Dayana Itzel Domínguez Téllez, de 35 años, y Keila Rebeca Domínguez Téllez, de 32, son hermanas, deportistas y mujeres que han transformado los pronósticos médicos en historias de éxito. Ambas viven con discapacidad intelectual y desde 2010 practican tenis, disciplina en la que han representado a Morelos y a México en competencias de Olimpiadas Especiales dentro y fuera del país.
Su madre, Adriana Téllez, recordó que cuando nacieron los médicos le advirtieron que difícilmente podrían caminar, hablar o valerse por sí mismas. “Nos dijeron que no podrían hacer nada”, comentaron ellas. Hoy, viajan solas, compiten, estudian y se preparan para próximos torneos en Chiapas y, de ser seleccionadas, en Chile.
Las hermanas aseguran que no ha sido fácil. Han enfrentado discriminación no solo por su discapacidad, sino también por ser mujeres. “Nos decían que no podíamos, que no sabíamos nada”, relataron. Sin embargo, el deporte se convirtió en una herramienta de independencia y autoestima.

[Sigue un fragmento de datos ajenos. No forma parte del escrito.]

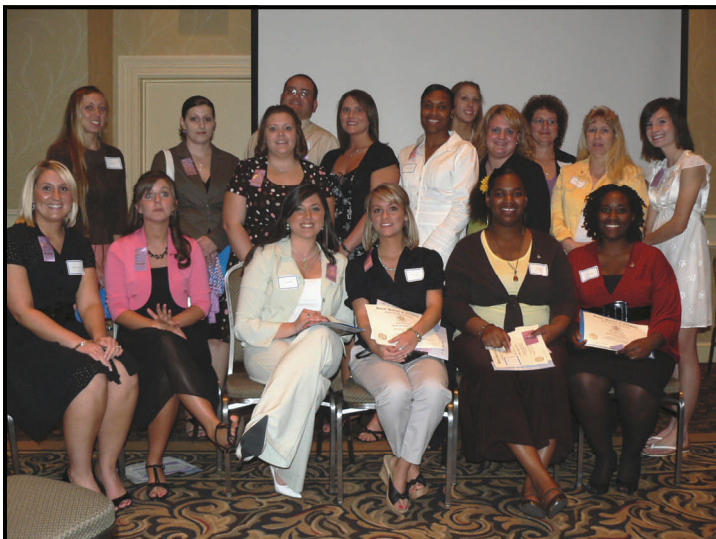
Undergraduate , Graduate and Community Leader Inductees

Vision 2020 Theme 4: Comprehensive leadership development programs are required to ensure that nurses have the skills to be global leaders in 2020 and beyond.

Además de entrenar, continúan con su formación académica mediante clases particulares y participan en cursos de capacitación que ofrecen en Olimpiadas Especiales, donde también apoyan a otros compañeros.
En el marco del Día Internacional de la Mujer, enviaron un mensaje claro: no limitarse. “Que prueben de todo, que hagan lo que les guste y no les importe lo que diga la gente. El éxito se construye paso a paso”, expresó Dayana. Keila añadió: “Somos humanos, habrá dificultades, pero eso no impide salir adelante”.
Hoy, son ejemplo de constancia, valentía y superación para Morelos.